There are two types of taxes you need to worry about with Bitcoin.
The first is regular income tax. If you earn bitcoins by mining or doing any other kind of work, you must declare the market value of your bitcoins as earned income whether you sell them or not.
So you are telling that if i draw a great painting, i must decrale its market value as earned income, whether i sell it or not?
No, because that painting isn't payment for services rendered, which is what mined bitcoins are. They are the payment that miners receive for securing the Bitcoin network. If you receive
anything as a
payment for services or any other kind of work you did, that's income and you have to declare it.
When mining with a large mining pool, I agree, the bitcoins you receive are a payment for services rendered (selling hashing power). The pool operator is the payee. These coins should be treated as income, probably valued at the time of payment.

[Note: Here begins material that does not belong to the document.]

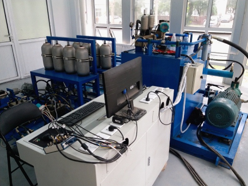 項目組利用液壓測試平臺分別模擬了不同海域不同波況條件下液壓裝置的輸入特性,對波浪能發(fā)電裝置液壓系統(tǒng)進(jìn)行了測試,分析了液壓裝置的工作特性與效率。液壓系統(tǒng)包括:浮力擺液壓缸、液壓缸控制閥組、高壓蓄能器組、馬達(dá)發(fā)電機組、馬達(dá)控制閥組、低壓蓄能器組、補油系統(tǒng)和配套電控系統(tǒng)。液壓缸往復(fù)運動產(chǎn)生高壓液壓油,高壓油經(jīng)過液壓缸控制閥組整流為單向流,經(jīng)過馬達(dá)控制閥組帶動液壓馬達(dá)-發(fā)電機旋轉(zhuǎn)。試驗結(jié)果表明液壓系統(tǒng)在模擬的海域波況條件下均正常運行達(dá)到預(yù)期的設(shè)計要求。在測試完成的基礎(chǔ)上,現(xiàn)已將液壓系統(tǒng)安裝到浮式平臺設(shè)備艙內(nèi)。(能源室)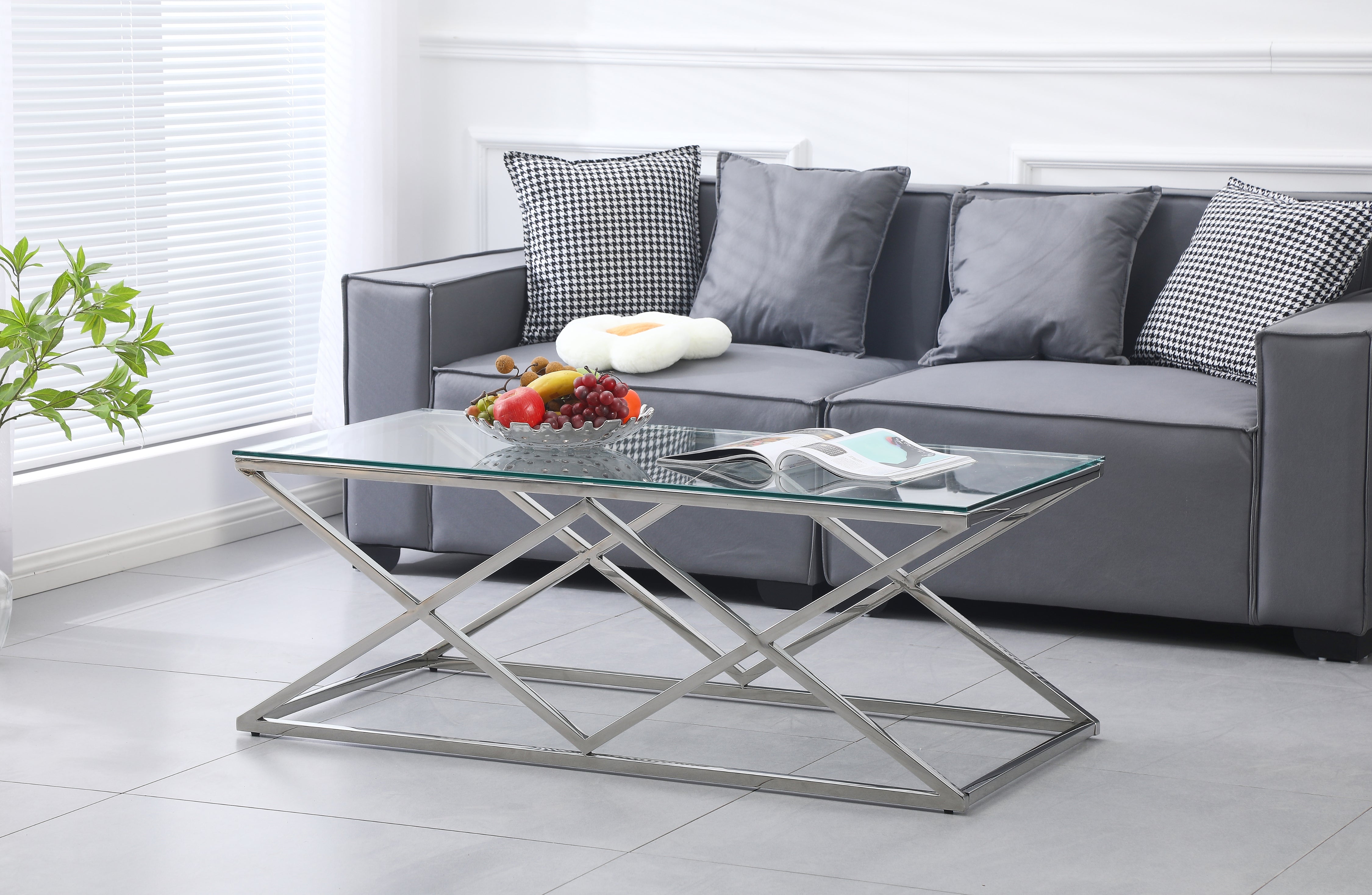 Beverly coffee table in silver polished frame with clear glass top, contemporary sophistication.

However, when solo (or p2pool) mining, the story changes. There is no payee, there is simply a computer program (and network). There is no payment, you create the bitcoins (out of thin air) when you solve the next block. Any tax responsibility should be similar to taxes you would owe if you bought some tools (hashing machines) and used them to build something (bitcoins), probably valued at the time you sell or exchange them, although they could be considered inventory (which might be taxed).
Disclaimer: I am not a CA.
Well, bitcoins mined have a fair market value at the time received. If there is a difference between that value, and the value you sell or exchange them for, pretty sure that is capital gains.
As others said, always good to seek the advice of a real attorney (which I, and presumably we, are not).